In fact, last year only 202 people were killed by excessive speed in Britain. ‘Only’ sounds like a callous word in this context, but considering that we have over 30 million drivers travelling billions of miles, the number is trivial. 

In any case, it’s possible to be a bad, slow driver and a good, fast one. For example, the most accident-prone motorway driver I knew was a colleague of mine who always chugged along under the speed limit.

(He often drove to Brussels on business, and one day we went together with me at the wheel. He fell asleep at Calais and woke up in Brussels, refusing to believe the clock. Apparently I had got there in half his usual time – and unlike him I’ve never had a motorway accident in my life.)

Now British roads are already among the safest in Europe. The French, for example, have twice as many road fatalities – this though France has roughly the same population, 2.5 times the territory and 10 times the number of road miles per car.

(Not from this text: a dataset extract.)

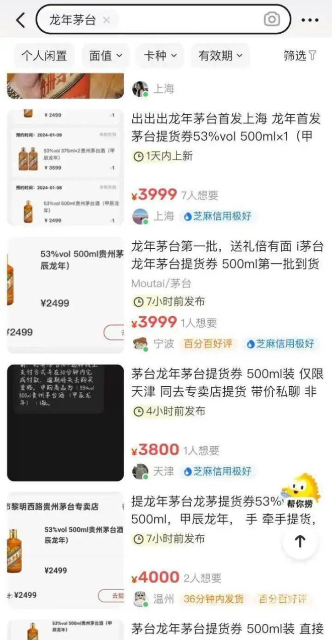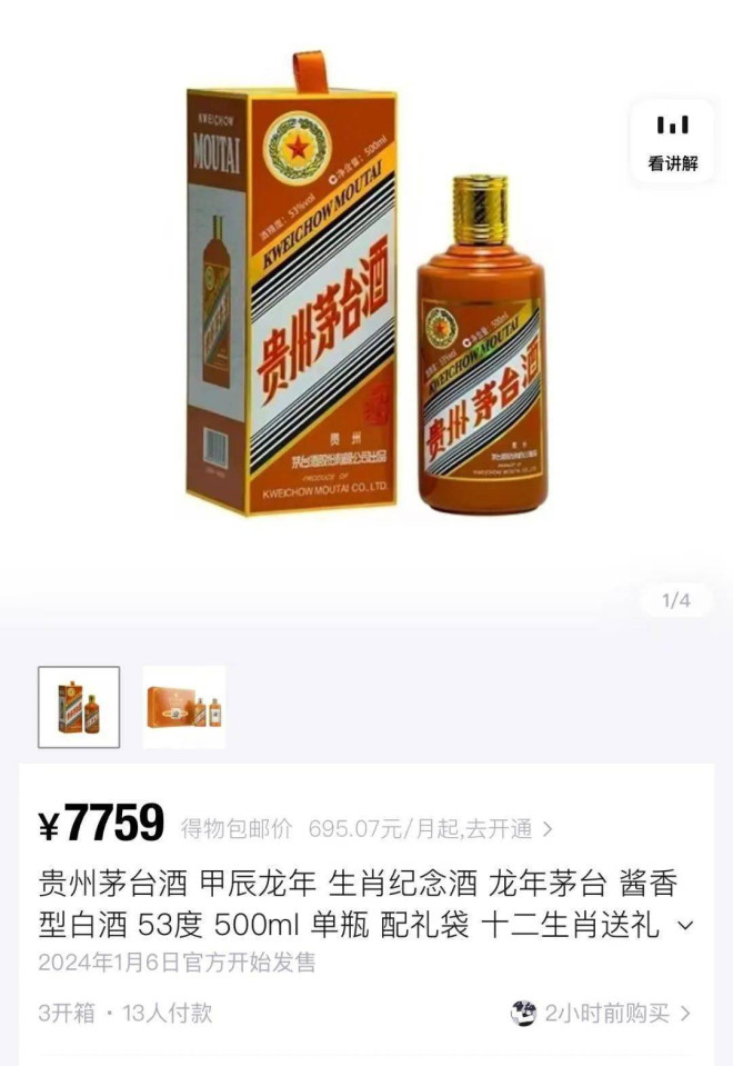 1月7日,龙年生肖茅台正式上架i茅台APP,发售价2499元/瓶,据此前报道,53%vol 500ml贵州茅台酒(甲辰龙年)申购结果公示,共计8589217人次申购,19475人申购成功,成功概率为0.2%,相当于一千个人只有两人可以抽中。 “龙茅”价格腰斩 近日,在第三方平台上,“龙茅”市场价为4349元/瓶,另一个闲置电商平台,卖家挂出的价格多在3800元—4000元/瓶,几近腰斩,此时距离正式发售仅过去了5天时间。 从批发价来看,“龙茅”批发价最高一度超6000元/瓶,目前已跌至3800元/瓶。“开盘价格虚高,很少有成交的。这个价格即便有客户要,我们也会劝退。”一位经销商告诉记者。 ![]() 事实上在这个阶段,经销商也不敢囤货,“跌得太快,烫手。另一方面,龙茅相较于兔茅发售量更大,未来价格或低于兔茅。” 他预测,“龙茅”价格将会继续下探,在春节前可以看到3200元/瓶。如果拿来收藏的,建议等到春节后。 ![]() 2023年初上市的“兔茅”同样发售即巅峰,市场价一度飙升至6000元/瓶,目前“兔茅”的批发价在3170元/瓶,“虎茅”、“牛茅”批发价分别为3530元/瓶和3460元/瓶。 ![]() 自2014年茅台推出第一款生肖酒以来,目前已有“马茅”“羊茅”“猴茅”“鸡茅”“狗茅”“猪茅”“鼠茅”“牛茅”“虎茅”“兔茅”“龙茅”十一款生肖酒面世。随着2025年“蛇茅”的上市,茅台的十二生肖酒便可成套集齐。 虽然同为茅台生肖酒,但由于供应量、生肖等因素,每款生肖酒的价格差别较大。贵州茅台第一款生肖酒“马茅”在上市之初,可能因未引起市场足够的重视,首发价只有849元。但由于当年的产量并不多,且是茅台首款生肖酒,“马茅”原箱单瓶的市场价格长期维持在万元以上。 贵州茅台的第二款生肖酒“羊茅”是目前价格最高的茅台生肖酒,单瓶价格维持在3万元以上。据悉,“羊茅”之所以价格高,除了年份久以外,主要是因为“马茅”在前一年的销量并不好,所以茅台在第二年就减少了“羊茅”供应量,而这也让“羊茅”成为茅台供应最紧俏的生肖酒。 2016年,茅台加大了“猴茅”的供应量,自此茅台生肖酒价格下降,目前“猴茅”在市场上的价格在5000元左右。 “鸡茅”“狗茅”“猪茅”“鼠茅”“牛茅”“虎茅”“兔茅”的价格整体呈现逐渐走低趋势,“兔茅”为目前最便宜的茅台生肖酒,近期随着“龙茅”上市,“兔茅”单瓶价格跌破3000元。 天猫平台上的经销商向记者表示,龙年生肖酒的价格走势最终由供需关系决定,此前“龙茅”刚上市之时,在尝新、收藏与投资市场走热,并且被市场中间商炒作,所以可能出现了价格的畸形。但随着“龙茅”供应量持续增加,供需关系得到缓解,价格自然回归正常水平。 “龙茅”申购 曾有平台加价超5000元 据小茅i茅台微信公众号(贵州茅台官方微信号)发布,1月6日,贵州茅台(甲辰龙年)生肖系列产品发布会在浙江良渚举行,共发布了贵州茅台酒(甲辰龙年)、茅台王子酒(甲辰龙年)、贵州大曲(甲辰龙年)。 1月6日19时,甲辰龙年茅台酒在i茅台数字营销平台正式开启申购。i茅台实名认证用户可进入活动页面进行申购。 记者在“i茅台”平台看到,53度500毫升规格的贵州茅台酒(甲辰龙年),单瓶零售价为2499元;53度375毫升规格的贵州茅台酒(甲辰龙年)采用每盒两瓶的包装,每盒零售价为3599元。 根据贵州茅台介绍,贵州茅台酒(甲辰龙年)是茅台推出的第十一款生肖系列产品,包装主色调为柘黄,瓶身绘有腾龙图案。贵州茅台表示,此次生肖系列产品发布选择在浙江良渚举行,是因良渚文化为中国大河文明的重要起点,且与酒文化、龙文化息息相关。 1月7日,贵州茅台酒公司公示了53%vol 500ml贵州茅台酒(甲辰龙年)申购结果。 数据显示,共有超过850万人次参与了申购,具体数字为8589217人次。 据悉,龙年茅台共开设两个申购渠道。第一,共有5010375人次通过i茅台“享约·茅台”渠道申购龙年茅台,申购成功9476人。这也是i茅台上龙年茅台的常规申购渠道。 第二,共有3578842人通过“玉兔辞旧,龙腾九霄”专场活动申购龙年茅台,其中9999人申购成功。 有媒体报道,目前第三方平台龙年茅台的价格已有3000元的加价幅度,报价为5499元/瓶。 ![]() 记者查阅另一第三方平台,显示龙年茅台报价为7759元/瓶,截至目前已有13人付款。 ![]() ![]() |

The area in and around Paris apart, France has, by our standards, empty roads everywhere, and yet the French create a regular vehicular carnage. And the US, which has five times our population and 40 times our territory, suffers 15 times the number of road deaths.

I’d suggest that perhaps HMG could show more trust in British drivers who, by my observation, are by far the best in the world. But it’s not about trust or lack thereof. It’s about empowering the state at the expense of the individual, and the government would introduce this awful law even if no one ever died on our roads.

Nor is it just a speed limiter. Also being installed are automatic breathalysers.

Your car will sense when you’ve had three glasses of wine instead of the allowable two and won’t start. That’ll kill social life in the countryside, but that’s not the state’s problem, is it?

I’m only sorry to see such artificial limits placed on modern technological advances that are, as we know, limitless. I think that breathalyser should take on new functions.

The car should indeed start, but then go into self-drive mode and deliver the culprit to the nearest police station. Then the vehicle could snap handcuffs on him and perhaps even slap him around, to save the police precious time.

If you think I’m joking, you ought to have more respect – not for me, but for the state’s infinite wisdom. Coming soon: a bathroom robot forcing you to wash your hands after relieving yourself.


3 thoughts on “Call yourself a driver?”

  1. I can assume what the two leading causes of car accidents are the same in Europe as in Australia. Yesterday, I had senior students fainting and throwing-up as we spent six long hours crammed in various sections of the local hospital and morgue watching horrific video clips of blood-splattered mangled youth, along with various first response police, paramedics and firemen all attempting to outdo each other with horrendous tales of crushed youth trapped in cars. Cause one; texting while driving, followed closely by males 18-25 inebriated while behind the wheel. Third statistic and the rest combined pale into insignificance compared to these. So, unless cars have built-in features to correct these, then other measures are useless.